27 May 2010

The Significance of Climate Model Agreement: A Guest Post by Ryan Meyer



Ryan Meyer is a PhD student at ASU's School of Life Sciences where he is writing a dissertation about US federal climate science research and its relationship to policy making. He is spending a yer in Australia on a Fulbright and he blogs at Adapt Already.

If four out of five global climate models (GCMs) agree on a result, should we feel more confident about that result? Does agreement among models constitute increased certainty about the models’ basis in reality? My colleagues and I wondered about this a few years ago when we started noticing that many climate scientists seem to adopt this logic without any explanation or justification. They claim, for example, that we should be more worried about drought in the southwestern US because 18 out of 19 models predict a transition to a more arid climate over the next 50 years. Or they pick a subset of models to represent a particular process such as the Asian monsoon, and then point to agreement among those models as significant.

If 18 models get the same result, is that better than just one? Why? Climate science should provide a thorough explanation for this, especially if climate models are to begin informing policy decisions.

We argue in a paper now available in Environmental Science and Policy (PDF here) that agreement is only significant if the models are sufficiently independent from one another. The climate science community has mostly ignored the crucial problem of model independence while taking advantage of a tacit belief in the force of model agreement. To quote from our introduction:
GCMs are commonly treated as independent from one another, when in fact there are many reasons to believe otherwise. The assumption of independence leads to increased confidence in the ‘‘robustness’’ of model results when multiple models agree. But GCM independence has not been evaluated by model builders and others in the climate science community.
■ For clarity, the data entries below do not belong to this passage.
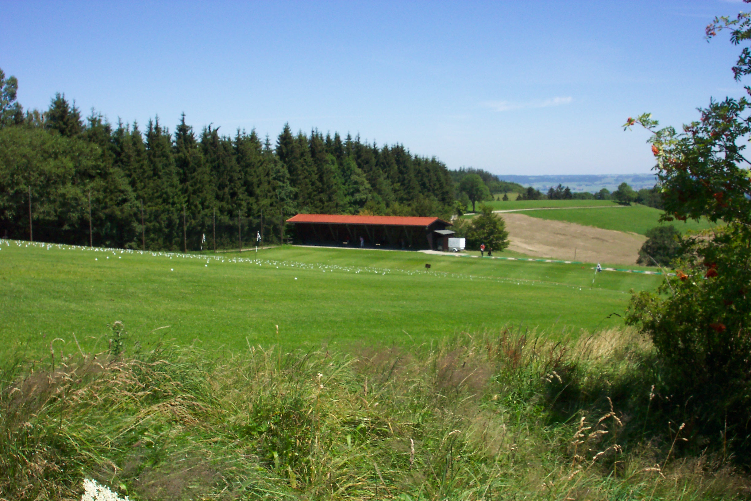 Driving Range of the golf course in Wiggensbach; the golf course offers the highest tee-off-place in Germany at a hight of 1.011 metres.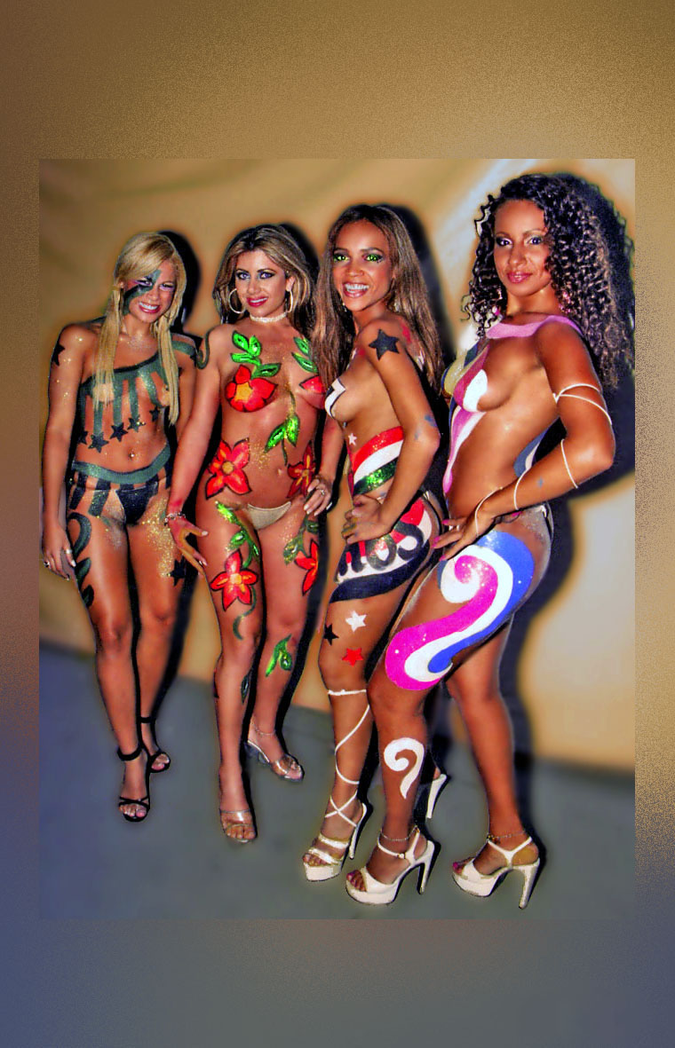 Body painting.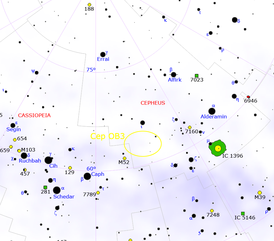 Map of Cepheus OB3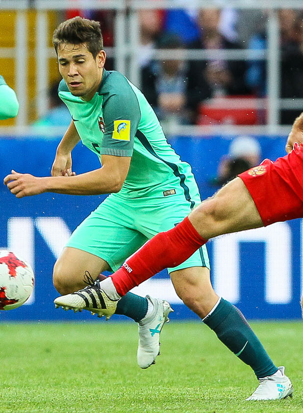 Russia VS. Portugal 0 - 1, 21 June 2017

Until now the climate science literature has given only passing attention to this problem, and the field has not developed systematic approaches for assessing model independence.
To some these arguments may seem like nitpicking. Or they might seem better suited to the pages of some technical journal where modelers work these things out for themselves. But we strongly believe that this extends beyond methodology, and is in fact a policy question. It relates to the kind of investments we can and should be making in climate science.

The question of independence is one small piece of a much needed broad discussion about climate science policy. What kinds of knowledge are most helpful in crafting a response to climate change? What institutions, disciplines, and tools are best suited to deliver such knowledge? Such crucial questions of science policy tend to be ignored. We argue about what "the science" says, rather than how it works and how it could work better for the needs of decision makers.

In our paper, we take it as a given that governments will continue to fund large and complex models of the climate and related systems. (A broader discussion about the merits of this investment is important, but we do not directly address it). But how should they be funded? Who should decide the most important questions to pursue? In the past, we have tended to let climate scientists sort that one out. They are, after all, the experts. But they are certainly not unbiased participants in this discussion. Are they asking the most important questions, or just the ones they find most interesting?

It is important to recognize that there are many possible trajectories for our climate science knowledge. We may not know exactly where each one leads, but we can still make wise, informed choices. This is why the independence problem is important, not just for climate modelers, but for science policy makers, potential users of climate science, and advocates for climate change adaptation.

We have three basic recommendations related to the independence problem:
  1. Climate modelers should be wary of overselling results based on model agreement.

  2. The climate science community should begin to better address the independence problem.

  3. Science policy decision makers should take this problem into account when building strategies for climate modeling, and climate science more broadly.